* _TASK DIRECTIONS_: Copy out the lines of the records below, and only those lines, from the one with "Hrvatska matica iseljenika" through the one with "Bagi mahasiswa yang", exactly as they appear.

====

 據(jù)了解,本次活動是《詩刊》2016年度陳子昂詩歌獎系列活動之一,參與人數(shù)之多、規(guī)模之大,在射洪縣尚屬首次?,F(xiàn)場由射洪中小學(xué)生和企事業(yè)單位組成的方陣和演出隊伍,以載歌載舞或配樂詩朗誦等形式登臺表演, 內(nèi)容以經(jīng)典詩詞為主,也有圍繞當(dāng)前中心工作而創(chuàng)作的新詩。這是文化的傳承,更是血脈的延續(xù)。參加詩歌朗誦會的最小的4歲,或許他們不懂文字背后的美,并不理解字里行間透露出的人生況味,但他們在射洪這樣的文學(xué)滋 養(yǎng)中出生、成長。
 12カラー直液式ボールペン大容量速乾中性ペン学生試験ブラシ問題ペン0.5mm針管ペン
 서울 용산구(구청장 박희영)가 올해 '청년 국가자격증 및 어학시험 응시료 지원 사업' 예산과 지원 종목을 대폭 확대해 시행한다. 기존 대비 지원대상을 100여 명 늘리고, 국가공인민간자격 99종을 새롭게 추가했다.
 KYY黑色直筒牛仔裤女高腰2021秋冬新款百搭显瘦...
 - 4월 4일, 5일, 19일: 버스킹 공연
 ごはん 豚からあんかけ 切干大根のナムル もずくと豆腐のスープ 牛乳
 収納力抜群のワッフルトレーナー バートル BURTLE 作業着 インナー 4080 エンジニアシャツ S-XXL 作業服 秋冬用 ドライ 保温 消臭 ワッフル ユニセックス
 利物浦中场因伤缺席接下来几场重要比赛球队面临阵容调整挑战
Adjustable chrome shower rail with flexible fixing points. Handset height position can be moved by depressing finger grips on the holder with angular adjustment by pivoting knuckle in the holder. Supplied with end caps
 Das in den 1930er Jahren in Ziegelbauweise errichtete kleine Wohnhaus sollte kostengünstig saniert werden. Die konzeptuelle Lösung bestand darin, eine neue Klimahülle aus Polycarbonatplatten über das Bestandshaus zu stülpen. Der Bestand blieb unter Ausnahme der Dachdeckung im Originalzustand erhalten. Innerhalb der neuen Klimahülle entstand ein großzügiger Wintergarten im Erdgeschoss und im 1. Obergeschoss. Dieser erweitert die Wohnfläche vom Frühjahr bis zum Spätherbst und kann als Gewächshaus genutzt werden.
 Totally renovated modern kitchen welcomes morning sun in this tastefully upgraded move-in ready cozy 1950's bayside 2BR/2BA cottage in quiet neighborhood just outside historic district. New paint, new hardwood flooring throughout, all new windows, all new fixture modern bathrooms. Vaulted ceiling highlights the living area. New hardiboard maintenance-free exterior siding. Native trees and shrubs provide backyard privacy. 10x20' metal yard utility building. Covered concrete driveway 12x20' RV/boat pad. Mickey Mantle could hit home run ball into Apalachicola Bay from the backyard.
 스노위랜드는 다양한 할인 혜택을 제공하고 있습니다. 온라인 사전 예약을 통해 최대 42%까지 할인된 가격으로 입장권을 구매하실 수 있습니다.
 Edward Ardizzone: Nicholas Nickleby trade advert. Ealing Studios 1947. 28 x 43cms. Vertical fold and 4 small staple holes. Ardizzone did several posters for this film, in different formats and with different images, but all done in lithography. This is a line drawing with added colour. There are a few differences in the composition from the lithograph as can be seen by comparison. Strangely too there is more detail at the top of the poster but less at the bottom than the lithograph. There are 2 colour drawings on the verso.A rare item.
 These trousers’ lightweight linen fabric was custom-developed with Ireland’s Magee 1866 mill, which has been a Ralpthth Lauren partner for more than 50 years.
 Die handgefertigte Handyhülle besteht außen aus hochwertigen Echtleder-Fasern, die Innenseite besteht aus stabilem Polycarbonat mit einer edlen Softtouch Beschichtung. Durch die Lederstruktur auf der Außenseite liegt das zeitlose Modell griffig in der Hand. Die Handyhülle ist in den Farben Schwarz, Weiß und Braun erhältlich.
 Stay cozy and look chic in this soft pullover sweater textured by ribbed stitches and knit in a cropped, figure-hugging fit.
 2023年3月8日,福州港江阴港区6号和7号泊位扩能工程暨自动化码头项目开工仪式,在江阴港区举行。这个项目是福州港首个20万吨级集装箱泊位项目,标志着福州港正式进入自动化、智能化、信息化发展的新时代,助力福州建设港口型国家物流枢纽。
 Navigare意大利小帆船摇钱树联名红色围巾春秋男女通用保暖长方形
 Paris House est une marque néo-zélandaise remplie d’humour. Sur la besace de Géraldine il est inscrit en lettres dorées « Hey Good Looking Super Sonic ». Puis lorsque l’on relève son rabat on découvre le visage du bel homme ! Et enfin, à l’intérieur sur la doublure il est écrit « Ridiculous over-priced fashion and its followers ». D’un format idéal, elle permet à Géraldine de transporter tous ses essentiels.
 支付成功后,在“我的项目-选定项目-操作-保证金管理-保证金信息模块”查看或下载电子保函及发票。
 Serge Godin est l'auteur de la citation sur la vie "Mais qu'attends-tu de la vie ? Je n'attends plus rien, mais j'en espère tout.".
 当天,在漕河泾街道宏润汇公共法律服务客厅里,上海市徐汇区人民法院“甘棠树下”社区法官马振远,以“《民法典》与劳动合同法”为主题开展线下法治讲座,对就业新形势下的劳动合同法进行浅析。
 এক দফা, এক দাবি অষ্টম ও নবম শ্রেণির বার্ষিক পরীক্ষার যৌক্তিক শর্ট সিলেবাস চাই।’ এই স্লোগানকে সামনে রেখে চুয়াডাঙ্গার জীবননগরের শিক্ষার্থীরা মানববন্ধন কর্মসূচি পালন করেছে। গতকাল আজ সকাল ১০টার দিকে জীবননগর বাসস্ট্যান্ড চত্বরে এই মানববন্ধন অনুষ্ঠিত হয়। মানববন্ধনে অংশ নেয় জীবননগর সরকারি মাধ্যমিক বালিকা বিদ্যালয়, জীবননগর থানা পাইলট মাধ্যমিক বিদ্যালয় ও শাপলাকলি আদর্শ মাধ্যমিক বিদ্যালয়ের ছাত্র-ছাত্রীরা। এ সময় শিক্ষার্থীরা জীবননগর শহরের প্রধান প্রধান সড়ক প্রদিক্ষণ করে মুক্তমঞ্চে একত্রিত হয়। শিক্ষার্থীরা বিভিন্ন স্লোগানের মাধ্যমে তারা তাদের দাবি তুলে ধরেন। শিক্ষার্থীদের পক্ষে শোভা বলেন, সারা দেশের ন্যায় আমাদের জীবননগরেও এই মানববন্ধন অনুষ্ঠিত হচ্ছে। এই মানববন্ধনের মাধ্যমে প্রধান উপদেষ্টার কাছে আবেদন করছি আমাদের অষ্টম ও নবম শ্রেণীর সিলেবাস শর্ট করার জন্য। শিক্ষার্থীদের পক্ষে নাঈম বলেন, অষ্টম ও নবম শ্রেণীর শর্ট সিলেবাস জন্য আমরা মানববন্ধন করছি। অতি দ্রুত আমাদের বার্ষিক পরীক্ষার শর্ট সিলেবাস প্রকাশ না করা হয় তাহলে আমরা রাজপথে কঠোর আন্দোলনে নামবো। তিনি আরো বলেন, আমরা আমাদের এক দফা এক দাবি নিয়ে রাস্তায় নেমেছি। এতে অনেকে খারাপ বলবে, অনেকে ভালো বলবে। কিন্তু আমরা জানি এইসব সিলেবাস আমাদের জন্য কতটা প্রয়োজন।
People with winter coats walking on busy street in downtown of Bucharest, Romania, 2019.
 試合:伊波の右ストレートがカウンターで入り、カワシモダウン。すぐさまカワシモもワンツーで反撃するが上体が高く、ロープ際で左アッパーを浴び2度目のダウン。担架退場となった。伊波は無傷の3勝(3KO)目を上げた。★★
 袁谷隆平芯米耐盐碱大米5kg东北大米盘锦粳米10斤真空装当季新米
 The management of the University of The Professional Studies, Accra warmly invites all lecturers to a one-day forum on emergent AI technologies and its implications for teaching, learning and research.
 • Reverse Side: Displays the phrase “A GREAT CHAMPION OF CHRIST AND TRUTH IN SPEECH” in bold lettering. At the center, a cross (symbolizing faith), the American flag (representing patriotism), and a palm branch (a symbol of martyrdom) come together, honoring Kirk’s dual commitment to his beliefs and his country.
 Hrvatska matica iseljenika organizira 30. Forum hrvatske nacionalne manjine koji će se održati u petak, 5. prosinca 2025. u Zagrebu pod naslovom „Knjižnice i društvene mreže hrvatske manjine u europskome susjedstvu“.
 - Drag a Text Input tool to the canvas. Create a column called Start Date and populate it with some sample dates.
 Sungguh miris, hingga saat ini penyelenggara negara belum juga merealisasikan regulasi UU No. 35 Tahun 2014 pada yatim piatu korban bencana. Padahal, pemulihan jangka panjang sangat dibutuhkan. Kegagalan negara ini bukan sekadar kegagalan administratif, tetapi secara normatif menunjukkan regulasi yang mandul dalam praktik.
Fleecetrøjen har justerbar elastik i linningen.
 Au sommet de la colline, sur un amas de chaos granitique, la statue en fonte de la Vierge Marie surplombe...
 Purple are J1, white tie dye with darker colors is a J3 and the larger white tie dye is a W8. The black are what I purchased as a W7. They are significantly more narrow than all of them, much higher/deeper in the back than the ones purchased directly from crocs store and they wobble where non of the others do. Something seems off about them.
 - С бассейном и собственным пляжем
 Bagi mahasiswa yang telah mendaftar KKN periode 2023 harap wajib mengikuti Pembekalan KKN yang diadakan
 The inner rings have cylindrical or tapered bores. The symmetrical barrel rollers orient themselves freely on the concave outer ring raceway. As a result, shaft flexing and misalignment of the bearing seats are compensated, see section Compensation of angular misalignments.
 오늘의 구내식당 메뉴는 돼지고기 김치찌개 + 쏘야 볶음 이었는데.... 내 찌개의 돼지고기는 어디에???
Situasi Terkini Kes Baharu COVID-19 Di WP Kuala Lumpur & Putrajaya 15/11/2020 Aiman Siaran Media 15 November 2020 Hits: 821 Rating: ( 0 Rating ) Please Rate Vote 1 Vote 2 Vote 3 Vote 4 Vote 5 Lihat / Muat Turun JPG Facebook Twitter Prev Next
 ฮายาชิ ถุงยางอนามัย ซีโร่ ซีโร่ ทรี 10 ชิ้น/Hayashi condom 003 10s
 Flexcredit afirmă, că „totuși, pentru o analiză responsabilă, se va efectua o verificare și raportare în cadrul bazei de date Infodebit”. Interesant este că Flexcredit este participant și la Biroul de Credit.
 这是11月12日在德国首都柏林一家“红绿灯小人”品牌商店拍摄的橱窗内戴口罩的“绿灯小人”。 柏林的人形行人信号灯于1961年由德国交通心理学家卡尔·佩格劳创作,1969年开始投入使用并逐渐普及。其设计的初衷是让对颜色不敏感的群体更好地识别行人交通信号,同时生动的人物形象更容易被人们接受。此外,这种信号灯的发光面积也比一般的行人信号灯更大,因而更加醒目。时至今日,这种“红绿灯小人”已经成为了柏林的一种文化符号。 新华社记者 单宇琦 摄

====

* _TASK SOLUTION_:
 Hrvatska matica iseljenika organizira 30. Forum hrvatske nacionalne manjine koji će se održati u petak, 5. prosinca 2025. u Zagrebu pod naslovom „Knjižnice i društvene mreže hrvatske manjine u europskome susjedstvu“.
 - Drag a Text Input tool to the canvas. Create a column called Start Date and populate it with some sample dates.
 Sungguh miris, hingga saat ini penyelenggara negara belum juga merealisasikan regulasi UU No. 35 Tahun 2014 pada yatim piatu korban bencana. Padahal, pemulihan jangka panjang sangat dibutuhkan. Kegagalan negara ini bukan sekadar kegagalan administratif, tetapi secara normatif menunjukkan regulasi yang mandul dalam praktik.
Fleecetrøjen har justerbar elastik i linningen.
 Au sommet de la colline, sur un amas de chaos granitique, la statue en fonte de la Vierge Marie surplombe...
 Purple are J1, white tie dye with darker colors is a J3 and the larger white tie dye is a W8. The black are what I purchased as a W7. They are significantly more narrow than all of them, much higher/deeper in the back than the ones purchased directly from crocs store and they wobble where non of the others do. Something seems off about them.
 - С бассейном и собственным пляжем
 Bagi mahasiswa yang telah mendaftar KKN periode 2023 harap wajib mengikuti Pembekalan KKN yang diadakan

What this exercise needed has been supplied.